Another project that Dundee does not name in its press releases but has nevertheless left a damaging socio-environmental impact is its Geghanush tailings dump in southern Armenia. The tailings facility suffered “a series of tailing leaks resulting from poorly constructed pipes” in 2012. From 2008 to 2016, communities demanded compensation and accused the firm of jeopardizing their means of subsistence, agriculture and livestock, by contaminating soil and water sources and exposing animals, flora and communities to health ailments such as allergies, osteoporosis, birth defects, and tumours through letters to the company and meetings with company's representatives. In January 2016,  a few months before the company sold the project to a Russian mining company, affected community members voiced their concerns again during a town hall with one of the company’s managers. However, the communities quickly became convinced “that the company had no intention to provide any compensation.”

Dundee attempts to draw parallels between its operations and Loma Larga

Despite this deplorable and systematic track record of health hazards and lack of accountability in its projects in eastern Europe and Africa, Dundee promotes them as success stories and even compares them to Loma Larga. In a local newspaper in Cuenca, Dundee recently stated that Loma Larga “has similar geology and is expected to have a similar mining method and processing flowsheet to the Chelopech mine.” In the same vein, it says that it “intends to further engage with all stakeholders, as it did prior to the development of its Ada Tepe mine, which is now a highly successful DPM operation that enjoys strong support from both local communities and the national government in Bulgaria.”

Similarly, INV Metals, former owner of Loma Larga, said in 2019 that “DPM's Tsumeb smelter could potentially be used to process the complex copper/gold concentrate from Loma Larga.” Now that DPM is the direct owner of Loma Larga this is even more clearly a worrying possibility.

“DPM's ominous record is a path that we do not accept for our páramos.”

For more than 10 years, Canadian mining companies including IAMGOLD, INV Metals, and now Dundee Precious Metals, have been attempting to develop the Loma Larga mining project against the will of the local population. The resistance against the project has led to significant victories, such as the 2021 referendum. Local communities won’t be fooled by DPM’s attempt to whitewash its current operations. Dundee must know that this opposition to the project won’t change and investors must understand that this project doesn’t, and won’t, have social licence.
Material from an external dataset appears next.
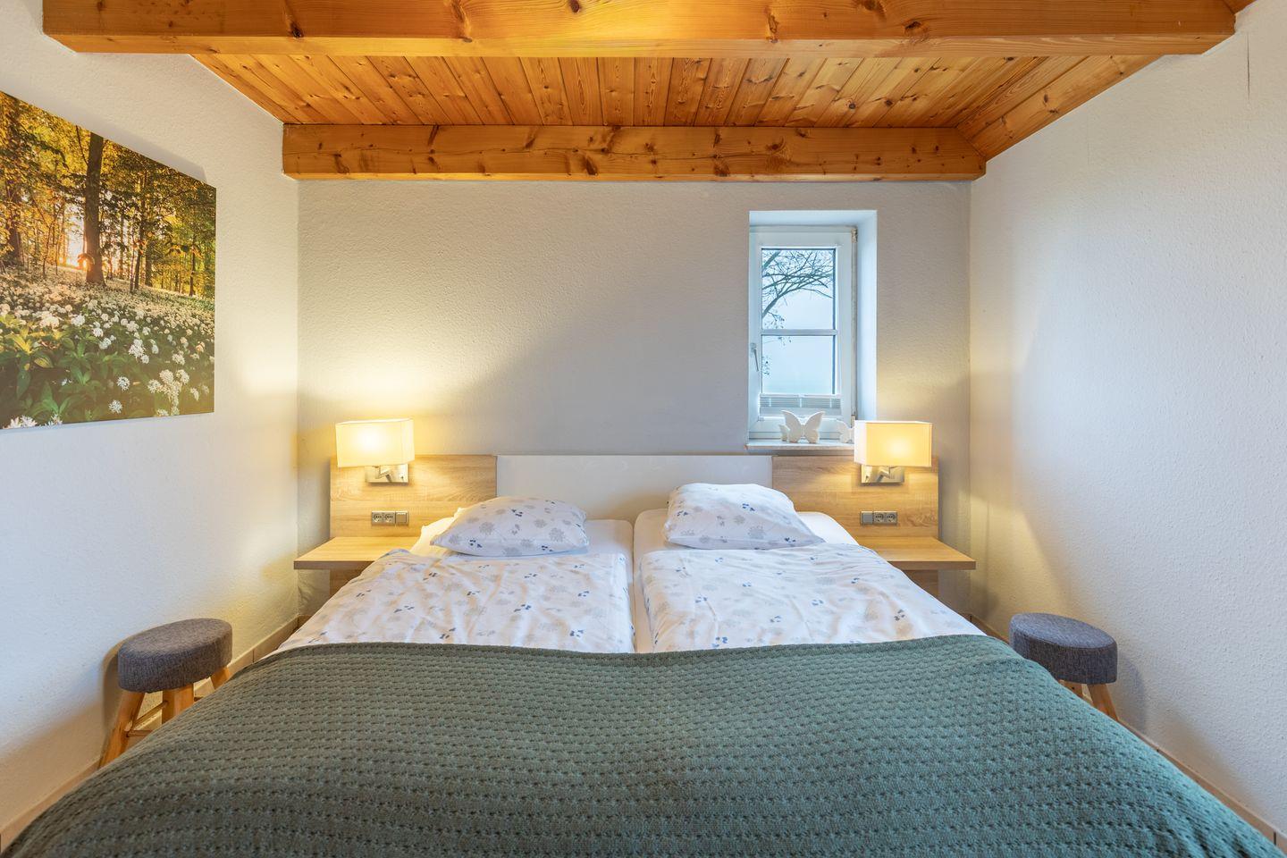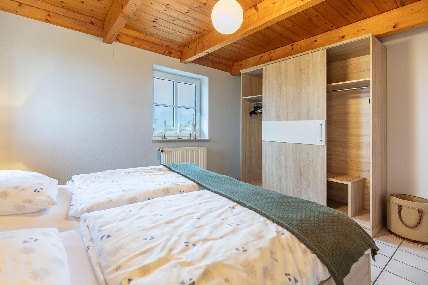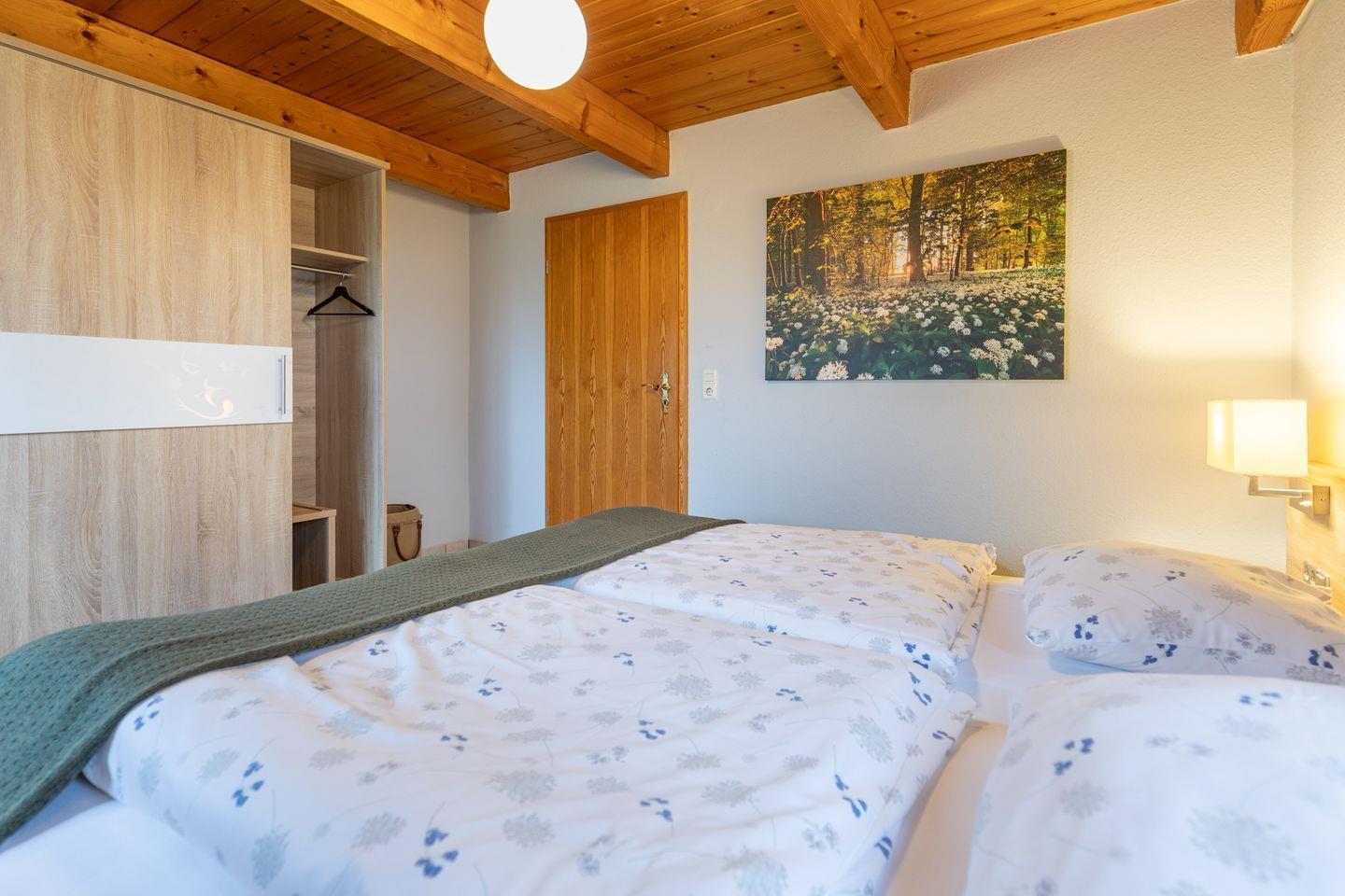 Zwei separate Schlafzimmer mit je einem bequemen Doppelbett (180x200) sorgen für einen erholsamen Schlaf. In einem Schlafzimmer bietet ein großzügiger Kleiderschrank Stauraum und Ablagefläche. In dem zweiten Schlafzimmer steht Ihnen eine Kommode zur Verfügung.
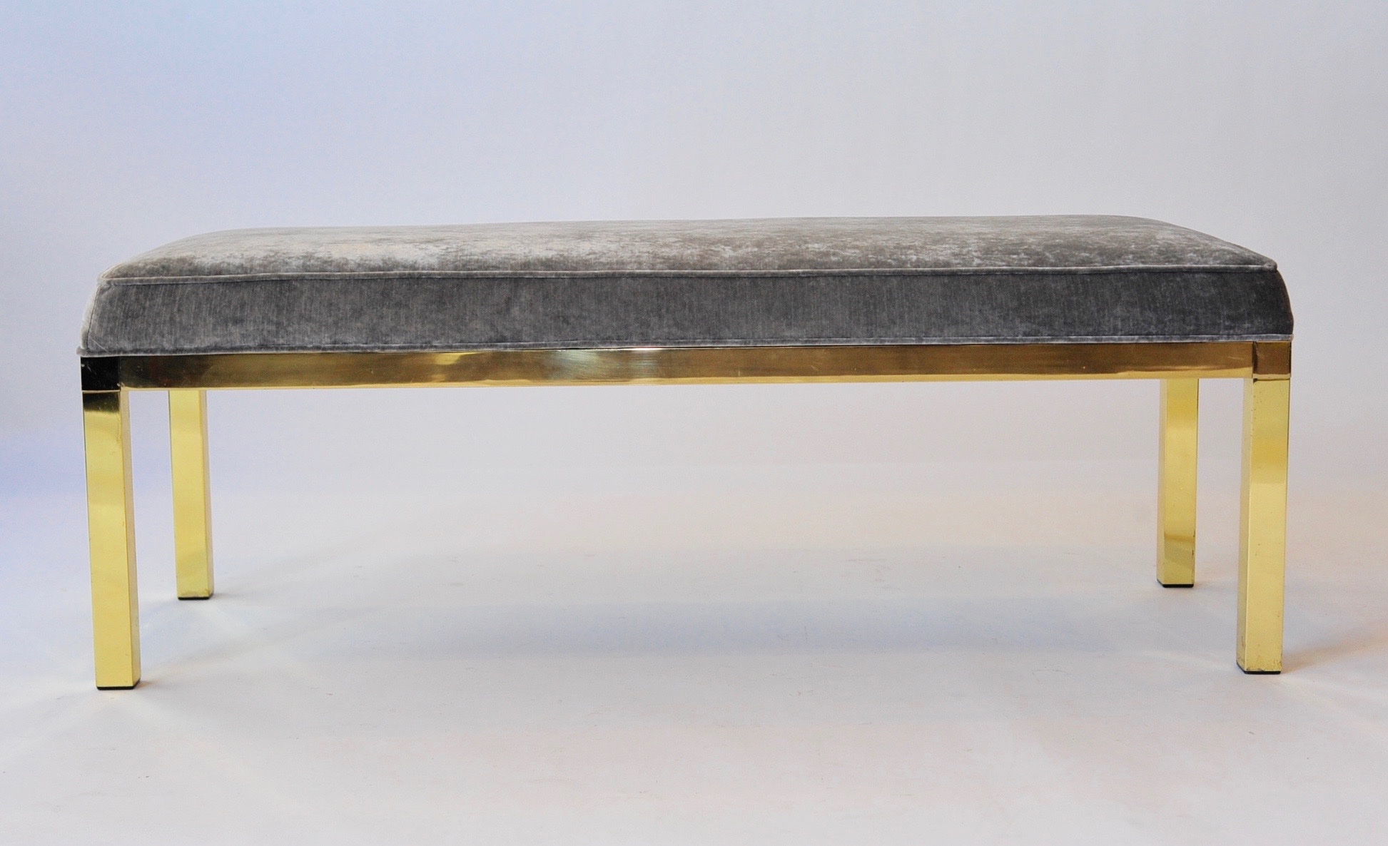 Gray Velvet Bench With Gold Base

Loma Larga is a mining project which will dramatically impact the high-altitude wetlands and water sources of the Kimsakocha páramo. This fragile ecosystem supplies water for domestic use and irrigation to numerous Indigenous communities, whose livelihoods depend on agriculture and livestock. Rural and urban communities alike fear that this mining project will violate their right to water and pollute their land and ecosystems. Paola Granizo, a biologist and member of Yasunidxs Guapondelig and the Cuenca Water Chapter, bluntly puts it: “DPM's ominous record is a path that we do not accept for our páramos, territories, and water. We envision a mega-diverse Ecuador, not a mega-mining one.”